[WHAT IS NEEDED]
Copy nothing but the lines below, from the one with "Высоту стула можно" through the one with "Играет на Counter", exactly as written; no pictures should appear.

Stored items

===============

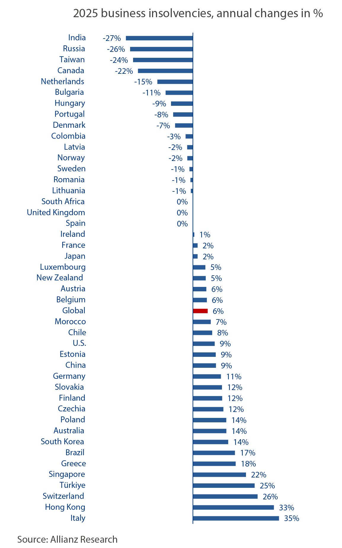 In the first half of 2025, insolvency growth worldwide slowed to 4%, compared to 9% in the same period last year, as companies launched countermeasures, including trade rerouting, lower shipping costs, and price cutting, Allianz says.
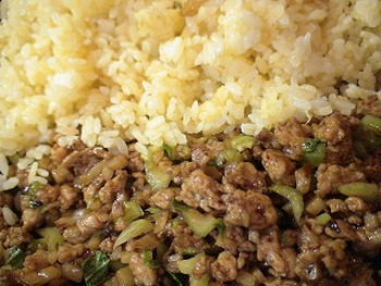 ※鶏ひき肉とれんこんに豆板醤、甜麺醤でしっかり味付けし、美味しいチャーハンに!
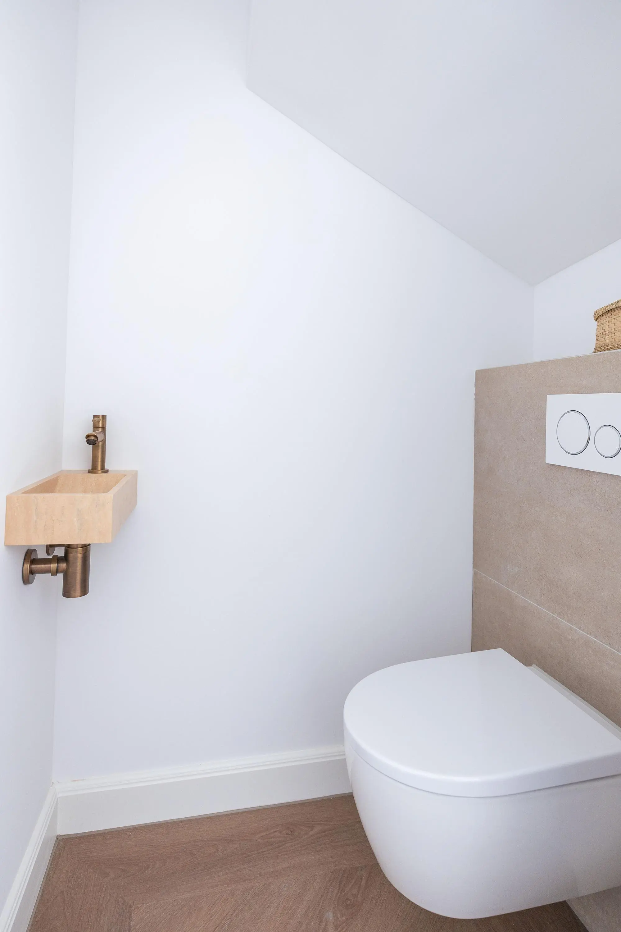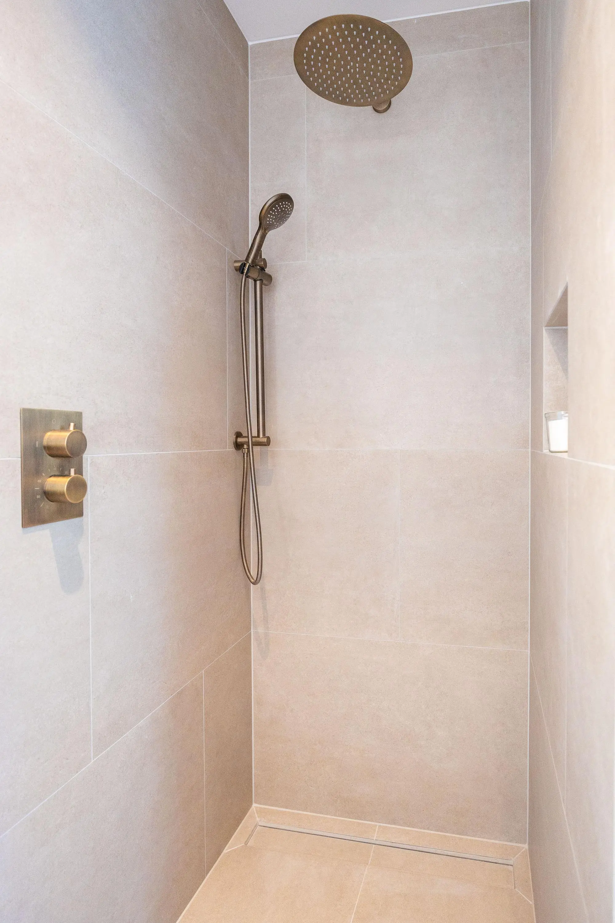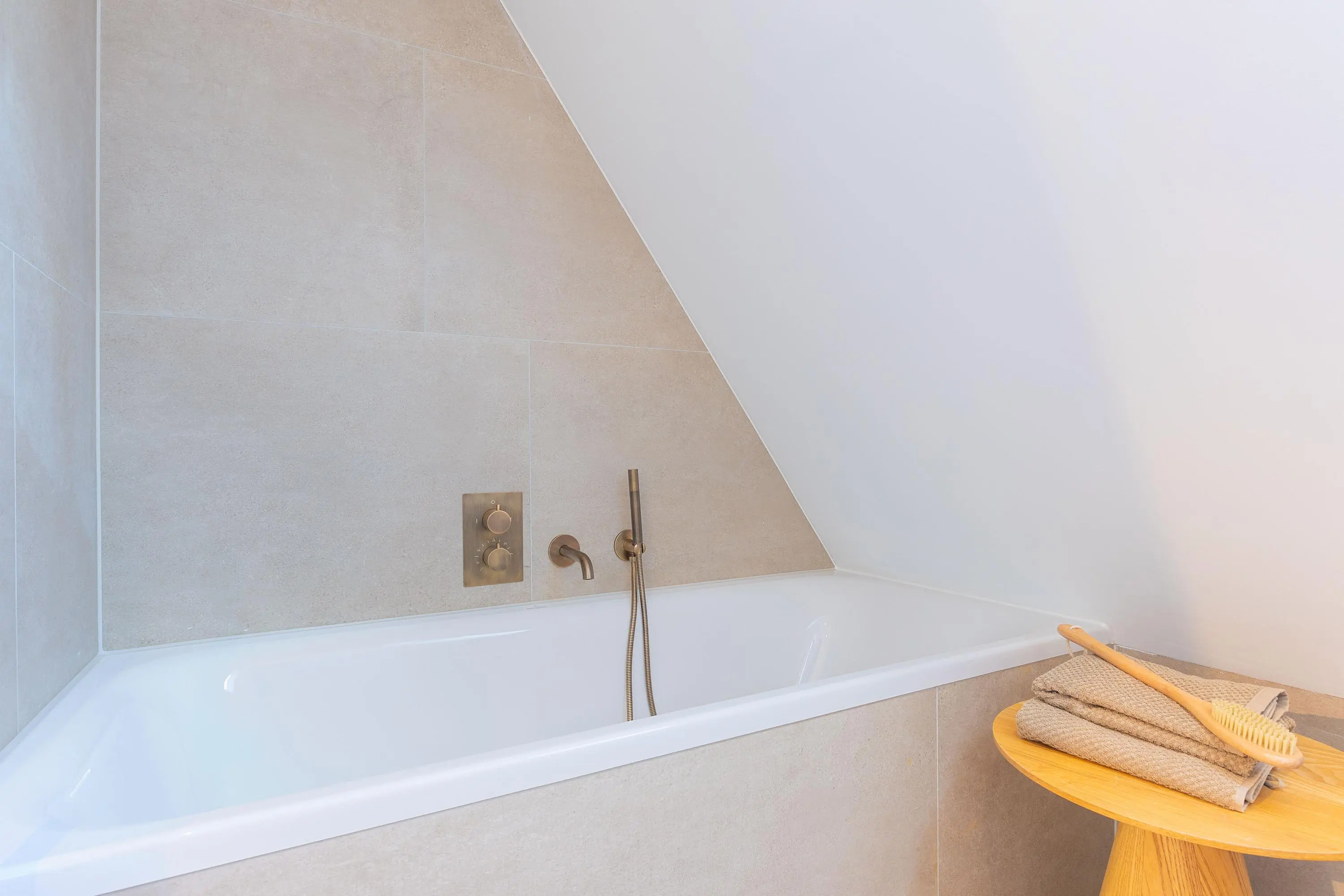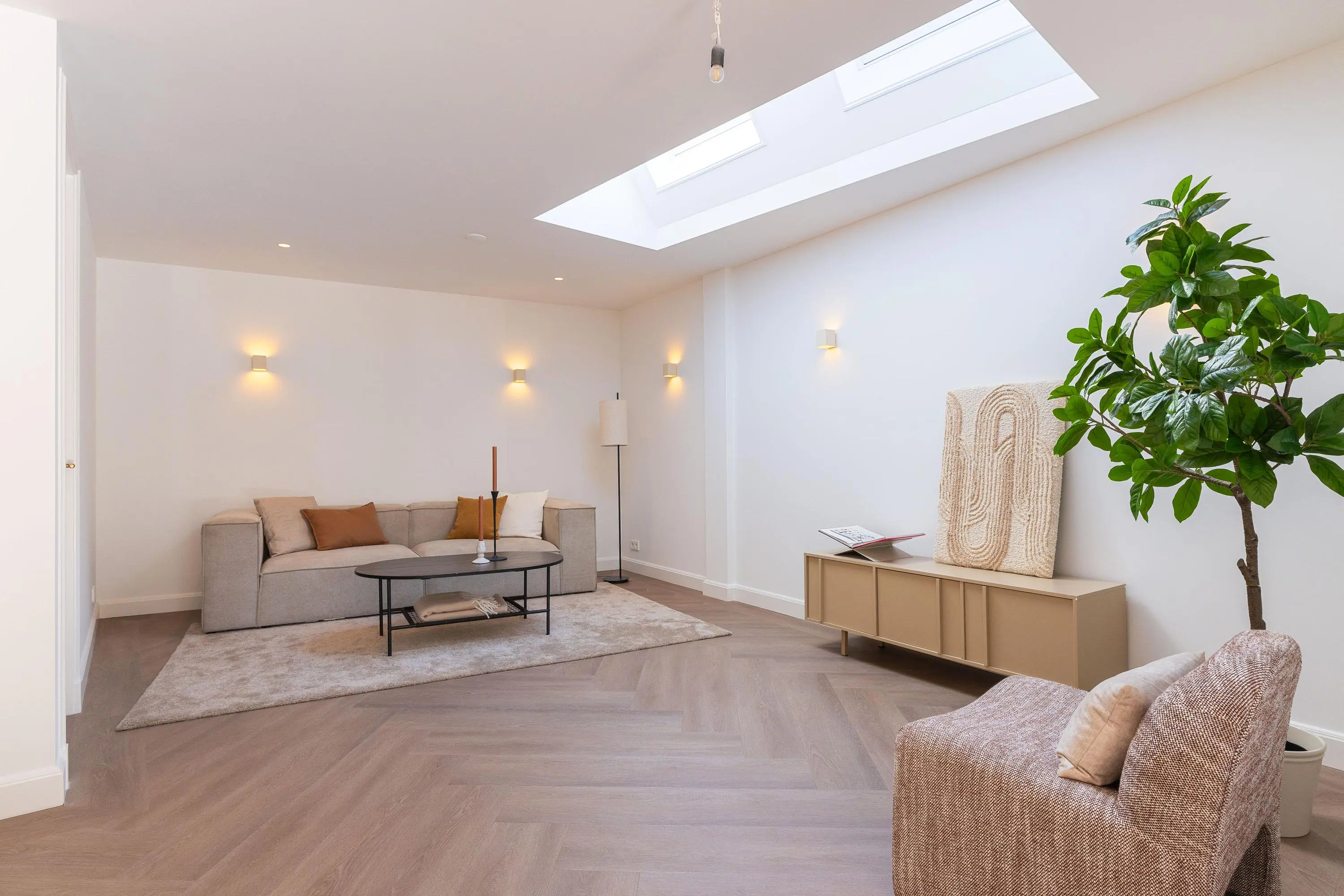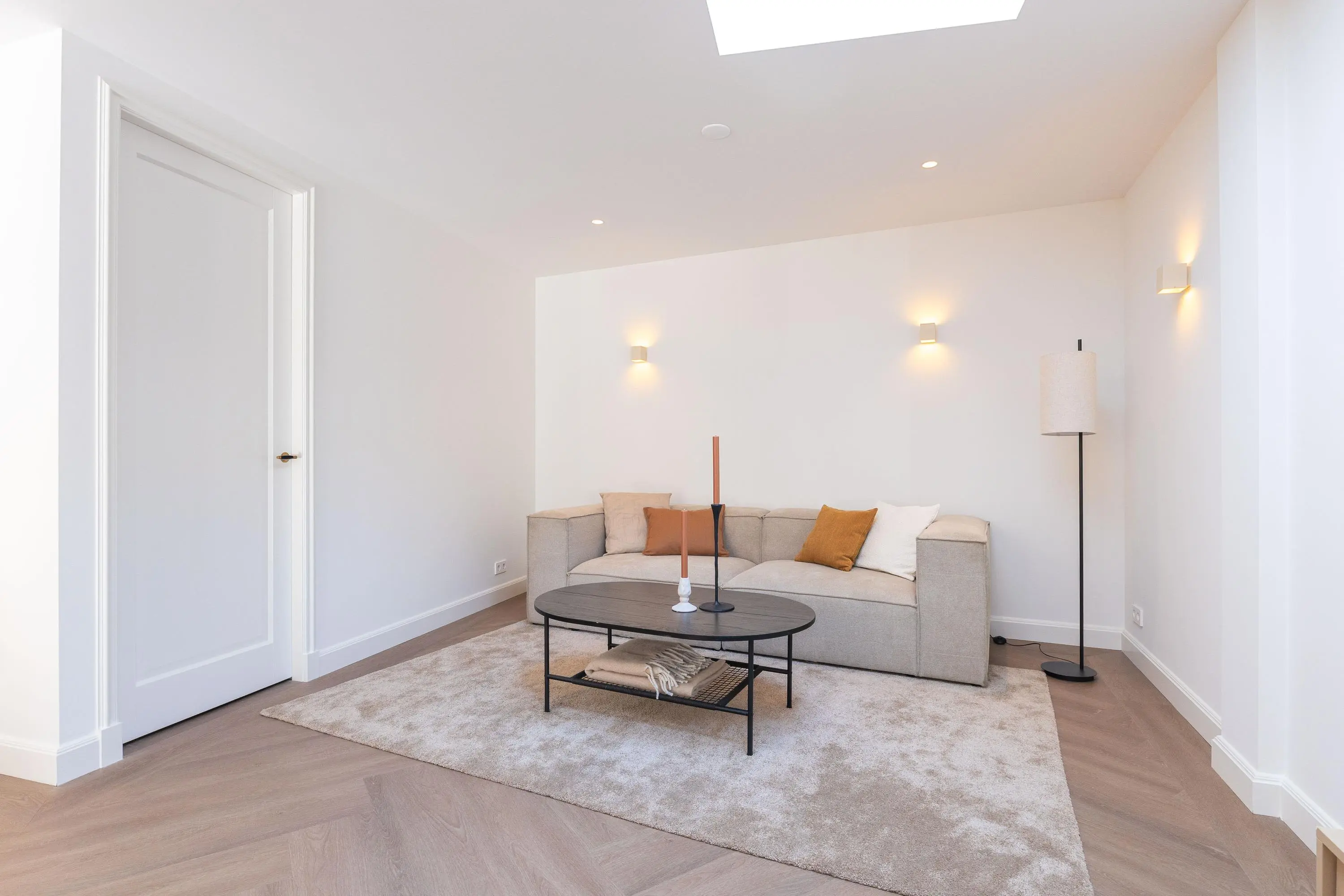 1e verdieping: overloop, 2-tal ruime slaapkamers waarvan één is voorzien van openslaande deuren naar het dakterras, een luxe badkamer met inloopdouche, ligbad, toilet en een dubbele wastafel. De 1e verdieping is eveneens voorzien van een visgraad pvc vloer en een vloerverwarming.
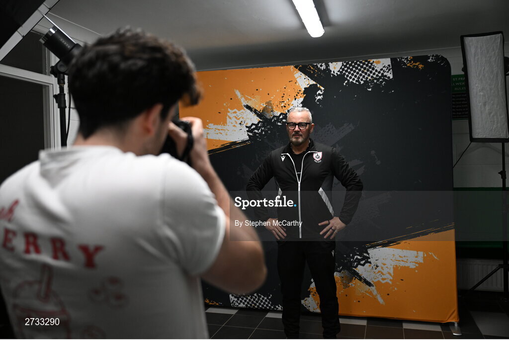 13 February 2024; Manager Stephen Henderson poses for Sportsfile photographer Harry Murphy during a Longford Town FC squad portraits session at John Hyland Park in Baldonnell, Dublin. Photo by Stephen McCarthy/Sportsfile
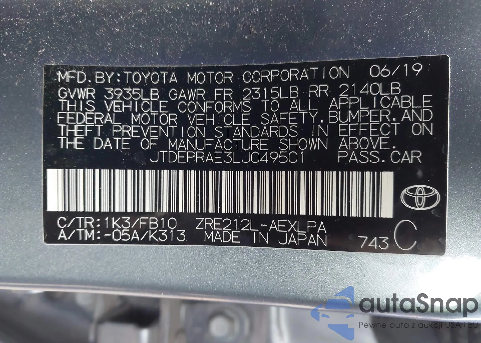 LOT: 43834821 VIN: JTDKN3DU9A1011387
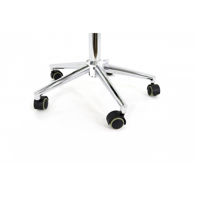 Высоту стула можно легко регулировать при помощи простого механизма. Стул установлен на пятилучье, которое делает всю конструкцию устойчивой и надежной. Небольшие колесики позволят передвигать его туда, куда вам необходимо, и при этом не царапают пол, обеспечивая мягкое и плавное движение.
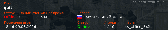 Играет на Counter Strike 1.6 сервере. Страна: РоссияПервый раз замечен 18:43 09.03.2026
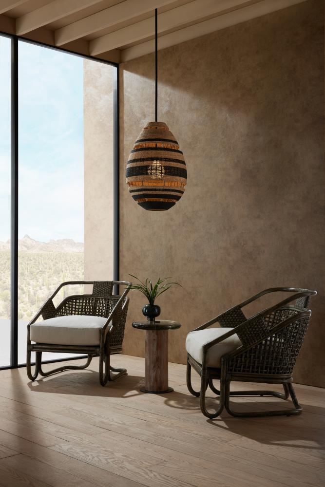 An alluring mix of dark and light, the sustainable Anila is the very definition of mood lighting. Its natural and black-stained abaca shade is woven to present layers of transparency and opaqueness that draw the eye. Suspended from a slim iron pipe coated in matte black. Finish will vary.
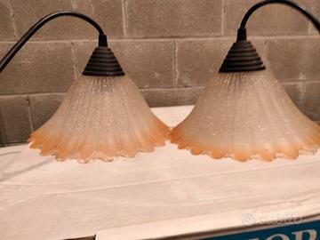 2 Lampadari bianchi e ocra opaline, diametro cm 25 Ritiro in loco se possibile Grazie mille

===============

[OUTPUT]
 Высоту стула можно легко регулировать при помощи простого механизма. Стул установлен на пятилучье, которое делает всю конструкцию устойчивой и надежной. Небольшие колесики позволят передвигать его туда, куда вам необходимо, и при этом не царапают пол, обеспечивая мягкое и плавное движение.
 Играет на Counter Strike 1.6 сервере. Страна: РоссияПервый раз замечен 18:43 09.03.2026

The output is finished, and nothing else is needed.